Once she had discovered this career path, she never looked back. After completing her undergraduate degree, she applied to a PhD program at Colorado State University (CSU), where her interest in neuroscience began to blossom. “I love the brain,” she enthused. “It’s super exciting because there’s so many unknowns—like a big puzzle that we haven’t figured out yet.”
In her graduate work, Moreno investigated the neurotoxic effects of manganese exposure on brain development, exploring the roles of glial cells and neuroinflammatory pathways in mediating these effects and identifying estrogen as a potential protective factor.1,2 She impressed fellow lab members, including Katriana Popichak, an undergraduate researcher at the time, with her dedication to her research as well as her unflagging commitment to helping others.
I love the brain…It’s super exciting because there’s so many unknowns—like a big puzzle that we haven’t figured out yet.

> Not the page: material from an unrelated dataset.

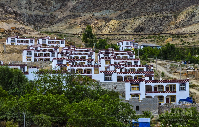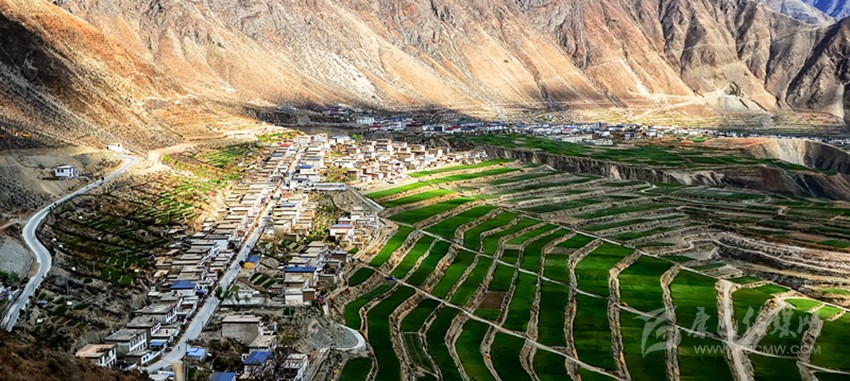 從得榮縣城出發(fā),途經日龍鄉(xiāng),汽車順著盤山公路開始往下行駛,到半山腰處,司機輕輕踩一腳剎車熄火,在此作短暫休息。這時,我打開車門俯瞰金沙江畔的因都壩,但見公路兩側一排排整齊的房屋像火柴盒一樣連綴在平坦壩子上,房屋下端,麥田梯次舒展,麥浪涌動,蔚為壯觀。
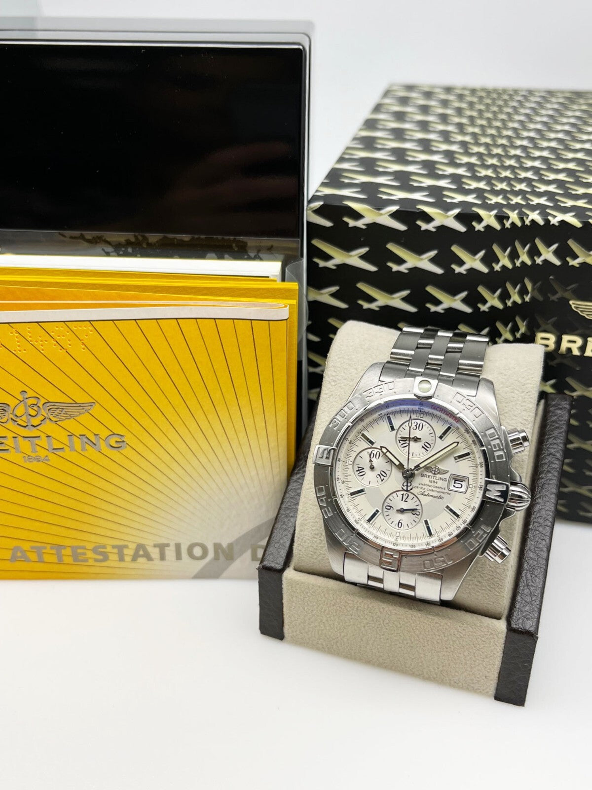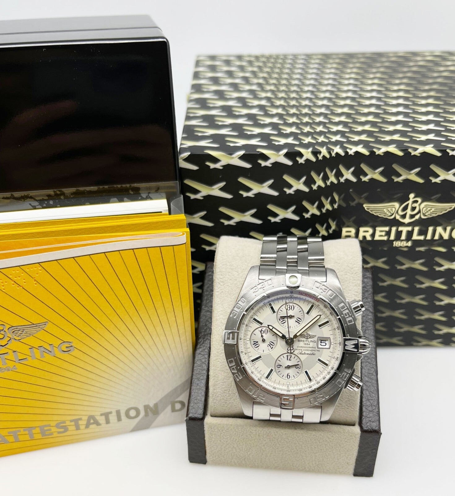 Breitling Galactic A13364 Chronograph II Silver Dial Steel 44mm Box Paper

—Julie Moreno, Colorado State University
Popichak, who now studies neuroinflammation and glial cell biology at CSU, said that Moreno played an important role in shaping her career. “She did amazing work,” said Popichak. “She was always so kind, and she really took me under her wing.”
After earning her doctorate, Moreno pursued a fellowship at the Medical Research Council Toxicology Unit with neuroscientist Giovanna Mallucci, where she was introduced to the fascinating field of prions. Prion diseases are characterized by abnormal folding of the host’s naturally-occurring prion protein, leading to rapid neurodegeneration. They can be genetic, sporadic—without known cause—or acquired, in which exposure to abnormal prion protein induces misfolding of the host’s own normal prion proteins.
While prion disorders like Creutzfeldt-Jakob disease are vanishingly rare in humans, studying these conditions could provide important insights into more common diseases that involve protein misfolding and neurodegeneration.
“What’s so cool about prions is that we’re able to address questions that we’re unable to address using mouse models of Alzheimer’s or Parkinson’s disease,” said Moreno. This is because mouse models of these neurodegenerative diseases usually involve genetic modification—overexpression or mutation of one gene (or set of genes) that mimics some of the underlying pathophysiology. While genetic factors can increase or decrease the risk of common neurodegenerative diseases in people, it is very rare for them to be genetically determined; for example, less than one percent of Alzheimer’s disease cases can be directly attributed to single gene mutations.3
A mouse that has been dosed with infectious prions on the other hand, is not really a model—it actually has prion disease, said Moreno. “They aren’t genetically modified to get the disease, which allows us to watch how this neurodegenerative disease naturally progresses, which is something we can’t do very well in these other laboratory models, although people are getting better at it.”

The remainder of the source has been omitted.